Во что бы ни шла игра, все без исключения сестры вели себя так, чтобы счастье неизменно находилось при молодом иерее, чем он нелицемерно восхищался.
— Ну где вам со мной играть! — говорил он время от времени, сияя самодовольствием, — где вам!
— А я думала, что уже теперь я непременно выйду в короли! — шептал иногда чей-нибудь смягченный до крайности, как бы замирающий голосок, причем пара очей, робко сверкнув на героя, скромно опускалась долу. — Я думала всенепременно!
— Думала? — спрашивал молодой иерей. — Думала? Ха-ха-ха!
— Думала, отец Михаил!..
— Нечего тебе было думать! — тихо, но раздражительно отвечала сестра Олимпиада. — Ничего ты не думала!
Если сестра, обращавшаяся таким косвенным образом к пленительному патрону моему, обладала достаточной решимостью, то разговор продолжался, невзирая на неприязненное вмешательство Олимпиады, и даже, случалось, переходил в нежный тон, а если она была нраву робкого, то скоро прерывался, наполнив душу ее горечью неудачи.
Обыкновенно только появление матери Секлетеи, извещавшей об обеденной трапезе, прекращало карточную игру.
При виде матери Секлетеи благосклонный к ней Вертоградов восклицал:
— А! пожаловала мать Секлетея! Ну, что ж, ты чем нынче угостишь, а? Что ж ты на меня глядишь? Что ж ты глядишь, а?
— Господи, спаси нас и помилуй! — отвечала мать Секлетея, как бы внезапно приходя в себя и ужасаясь неожиданно пробудившегося в ней чувства прекрасного: — Господи, спаси нас и помилуй! Мать пресвятая богородица! Ах, грешница я превеликая!
— Да что такое, мать Секлетея? Что такое, скажи! — спрашивал он, благосклонно улыбаясь.
— Ох, царь небесный, творец неба и земли! — как бы с сугубейшим ужасом шептала мать Секлетея: — Ох, грехи мои тяжкие! Заступница милосердная! заступи и помилуй!
— Да что же такое, мать Секлетея? — с приятным волнением добивался он. — Бог милостив… Ну, говори, что такое?
— Да вот, батюшка… Ох, святитель отче Никола! моли бога о нас! Ох!
— Да ну, мать Секлетея, говори! Ну, говори… Я разрешаю тебя… Я прощаю и разрешаю!
— Да вот… Ох, матерь божия! Загляделась я, отец Михаил, на твою ангельскую красоту, грешная! Не видала я подобной и на картине! Сколько вот на свете живу, а не видала! Такая красота твоя, отец Михаил, что опаляет она, аки солнце! Стоишь и глядишь — ровно безумеешь… Уж не херувим ли это, думаешь, шестикрылый прилетел? Такая твоя красота! Даже из нее сиянье исходит во все стороны! Глаз, эдак, словно копьем пронзает!

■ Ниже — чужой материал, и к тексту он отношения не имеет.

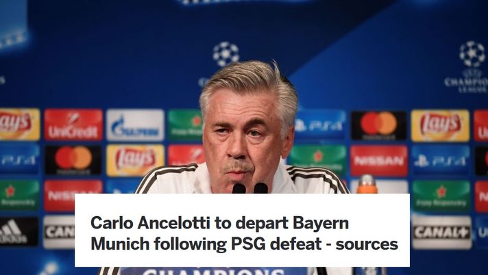 Carlo Ancelotti sarà esonerato dal Bayern Monaco oggi pomeriggio in conferenza stampa. E' quanto hanno riferito fonti a ESPN. Il tecnico italiano era già stato segnalato in bilico dalla Bild, che aveva parlato di una riunione d'emergenza convocata proprio per oggi. Secondo ESPN, quindi, sarebbe stata fatale la sconfitta netta, non solo nel punteggio (3-0), sul campo del Psg. Il Bayern sembra una polveriera, con uno dei veterani come Arjen Robben che si è rifiutato di schierarsi apertamente con il tecnico ieri dopo la partita.
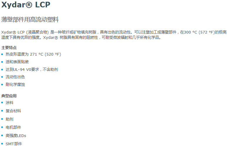 C、LCP的耐氣候性、耐輻射性良好,具有優異的阻燃性,能熄滅火焰而不再繼續進行燃燒。其燃燒等級達到UL94V-0級水平。
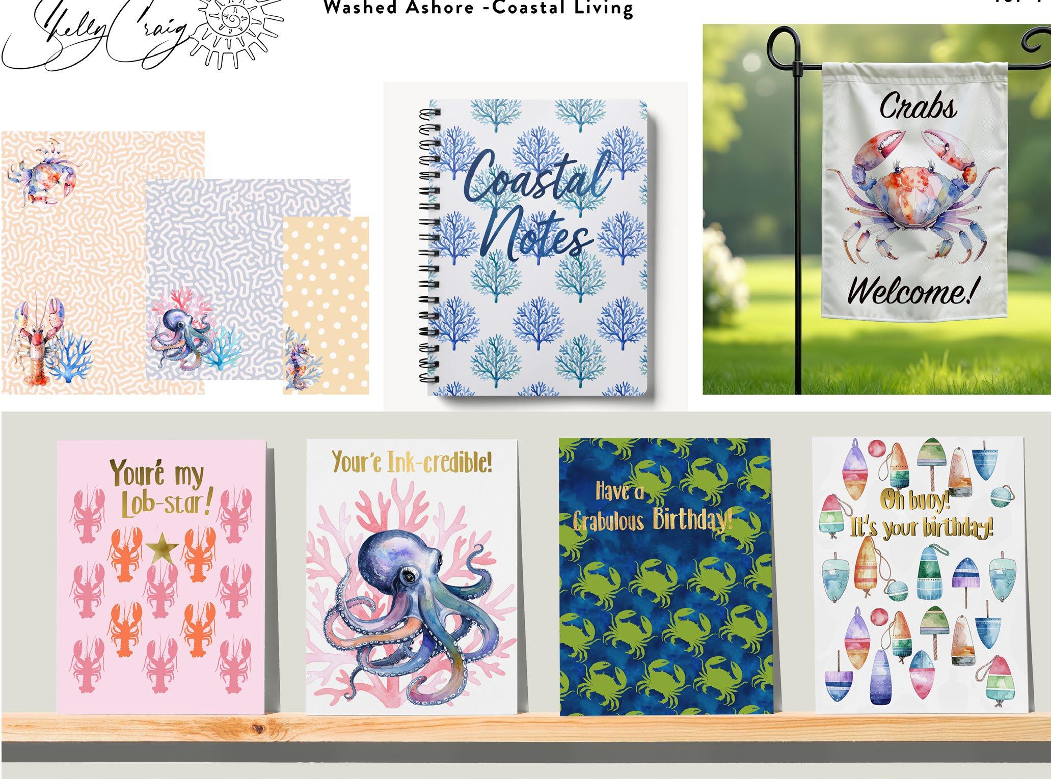 Today, Shelly creates cohesive, production-ready collections that blend traditional watercolor and ink illustration with modern digital workflows. Her work is especially well suited for home décor, wall art, tabletop, stationery, fabric, and lifestyle products, and she thrives when designing to clear creative briefs.
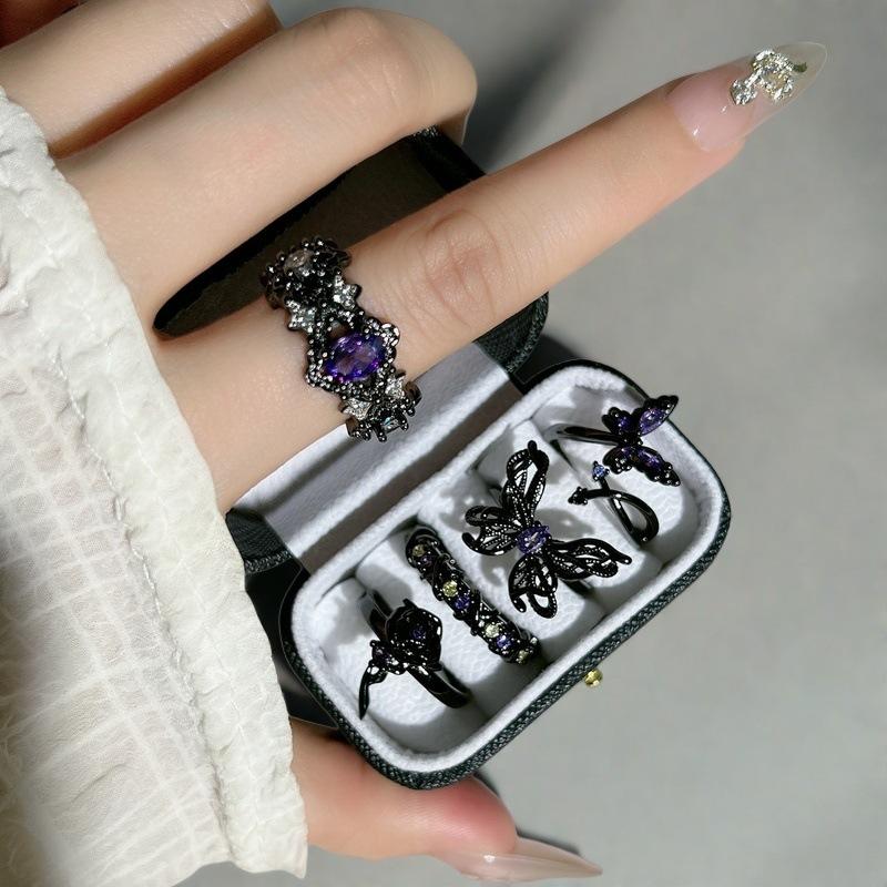 Punk Dark Style Personality Purple Diamond Inlaid Zircon Butterfly Open Ring Stacked With Niche Design High-End Ring Woman
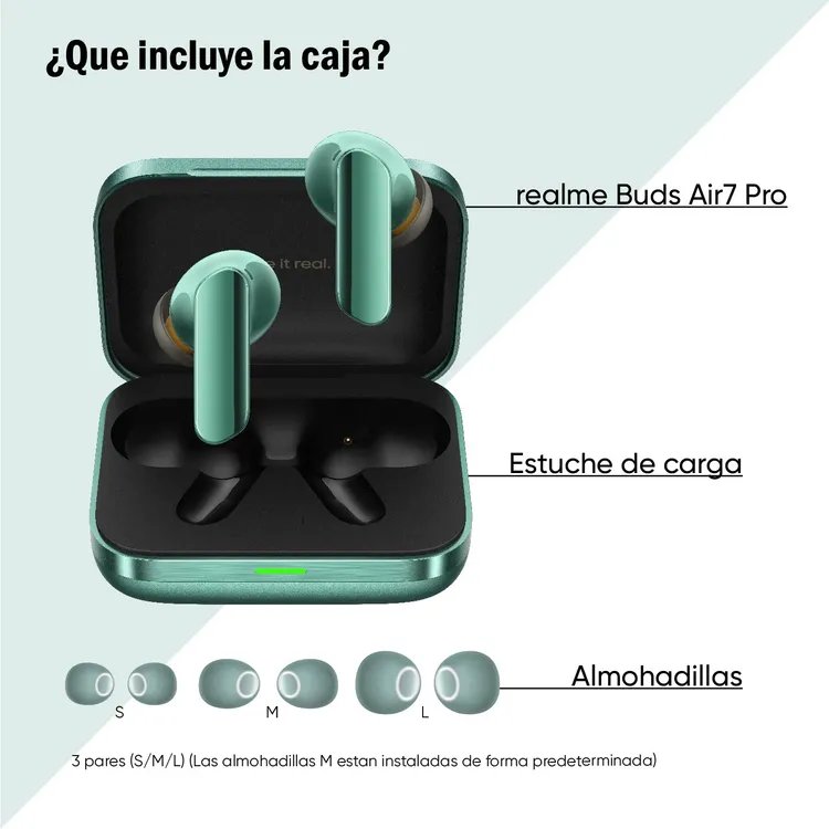Audifonos REALME Inalámbricos Bluetooth Deportivos Gaming In Ear TWS Air 7 Pro Cancelación de Ruido Verde

— Ну, ничего, ничего! — снисходительно улыбаясь, успокаивал ее херувимоподобный Вертоградов. — Ничего! бог тебе простит!
— Ох, отец Михаил! все это мирское! Оно конечно, ты пастырь наш духовный, а все-таки мирское!
— Ну, ничего, мать Секлетея… Ну, что ж такое? Ну я разрешаю и прощаю! — говорил уже не только снисходительно, но даже одобрительно упивающийся ядом лести, гордый своей красотою иерей: — я прощаю и разрешаю!
— Не оставь рабу твою, отец Михаил, не оставь… Ах, святители милосердные! я и забыла, зачем пришла? К трапезе мать игуменья ожидает!
— Сейчас, сейчас, мать Секлетея… Шествуем, шествуем… — Но, говоря это, патрон мой направлялся не к выходной из покоя двери, а к углублению в стене, где, как то показывал и отпечаток четырехугольной рамы и вбитый в потолок крюк, — когда-то висела икона и пред ней теплящаяся лампада, теперь укреплено было новое, резко блистающее позолотою зеркало, в коем не замедлял отразиться опухший, оплывший, благосклонно улыбающийся красоте своей Михаил Вертоградов.
— Борода-то у меня скоро, должно быть, поседеет! — говорил, самодовольно улыбаясь, гордый красавец.
— Ах! ох! ох! ох! — раздавалось из всех уст в ответ на эти лукавствующие слова.
— Право, скоро поседеет! — продолжал он, с тайным восхищением внимая раздающимся вокруг охам и ахам: — право, поседеет. Состареюсь, пропадет вся красота!..
К охам и ахам, поднявшимся уже на несколько нот выше, присоединялись тогда восклицанья более сложные.
— Ах, нет! Ах, как можно! Ах, никогда!
— Нет, нет, пропадет! — настаивал он, стараясь принять томный вид увядающей жертвы беспощадного времени и тем еще более возвысить свою прелесть: — пропадет!
И с этим словом, сопровождаемый восхищенными и умильными взорами и хором протестующих восклицаний и вздохов, он, переваливаясь и извивая, елико возможно, тучные телеса свои, уходил, поглядывая на плененных им и как бы говоря:
"Пусть страдают!"
Обеденная трапеза отличалась от утренней только тем, что длилась дольше, а потому и была разнообразнее как в истязаниях, так и в пиршественных утехах.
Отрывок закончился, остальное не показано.